# Got my Flambeau insulated bait bucket



## gnappi (Aug 6, 2018)

Unlike many who have larger wider boats that can have a live well, my 10' (and my friends 12 footer) tinny cannot so when needed I have to carry an insulated bait bucket to have live bait aboard. I hope this answers questions for those of you considering a bait bucket.

The Flambeau has some features that my Frabill does not have, but I don't see me dumping the Frabill any time soon. Both can double as an ice filled cooler but the Flambeau will hold more drinks and ice.

In addition to the 5 gallon Flambeau I also have a Frabill 1.3 gal insulated bucket to compare against. The Frabill (as advertised) holds 1.3 gallons but actually holds 1.25 gallons of water in the styrofoam liner. The Flambeau (as advertised) is a 5 gallon but actually holds 2.25 gallons of water in the rather thick styrofoam section as measured by my pyrex one quart glass kitchen measuring cup. These measurements were made filled to the top but most will not fill it that high to avoid spillage.

An internal water capacity improvement over the Frabill? yes, but not 3-4x what I had hoped for. 

Other features compared:

Inner styrofoam cover: * See notes below
Flambeau = YES
Frabill = NO

Inner styrofoam cutout allowance for carry string: * See notes below
Flambeau = YES
Frabill = NO

Able to attach a "Bucket wrapper" to carry tools or as extra insulation from the sun:
Flambeau = YES
Frabill = NO

Form, fit compatible with other market available buckets:
Flambeau = YES
Frabill = NO

Dual holes for two air hose aerator insertion in the top lid:
Flambeau = YES
Frabill = NO (for two hose aerators you need to enlargr the one hole or cut elsewhere)

Regarding the Flambeau internally molded in channels for the the styrofoam lift / carry handle. This was criticized in a review I read because undoubtedly the user attempted to tie a knot a the bottom of the pass through holes expecting the foam to carry ALL of the weight of the water and bait. Nope it will not. However if you pass the rope UNDER the styrofoam liner THEN upwards through the hole channels and tie a knot at the bucket opening to lift it it, this will work at least unless the rope under the styrofoam causes a leak later on. This is made more usable if you cut and place a thin 1/4" round piece of plywood UNDER the styrofoam bucket (see pic) and pass the thin rope under the wood the problem goes away. 

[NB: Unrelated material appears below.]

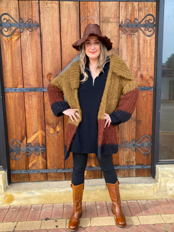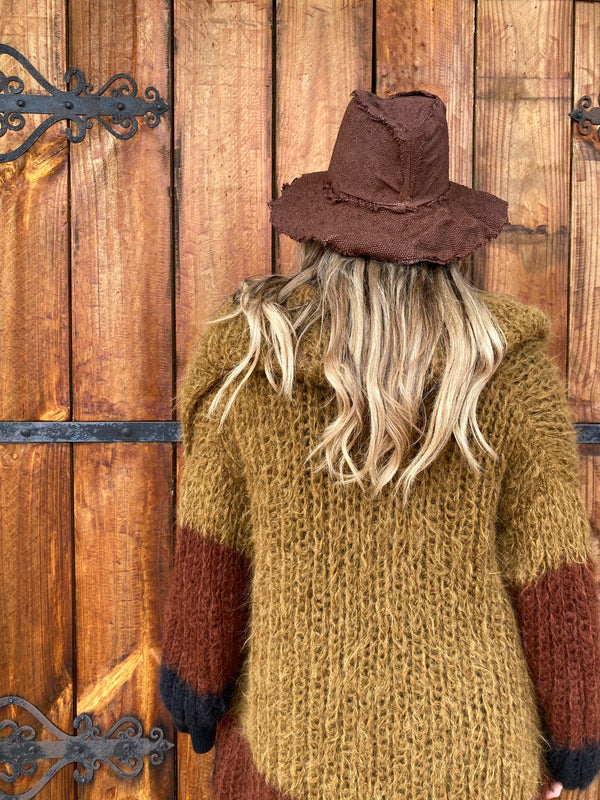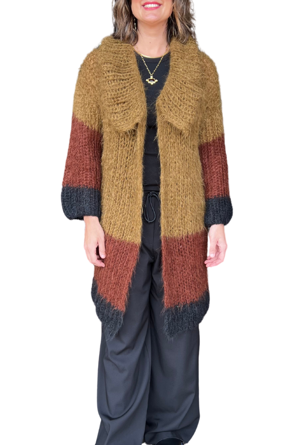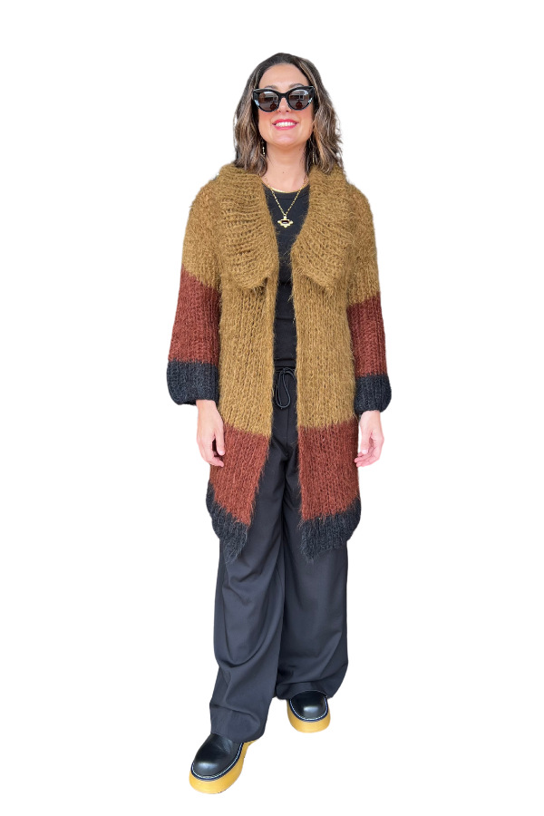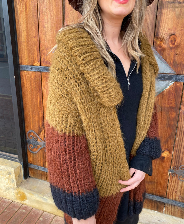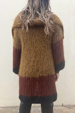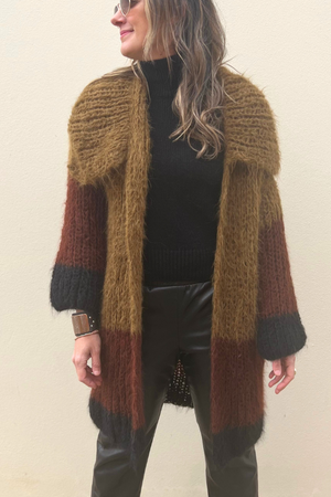 The Amano suri alpaca shawl collar cardigan is handcrafted with old fashion knitting kneedles. Featuring a shawl collar and wide bell sleeves. Handmade locally from the softest suri alpaca wool.

The Flambeau inner cover is a bit of a mystery. If left on the inner bucket and removed to get bait, even on a lightly gusty day that cover is likely to get blown away if you remove it. Also there are two keystone shaped indentations on the cover that could be cut away to gain access to the bait, but insulation on the top from the sun will be somewhat lost. 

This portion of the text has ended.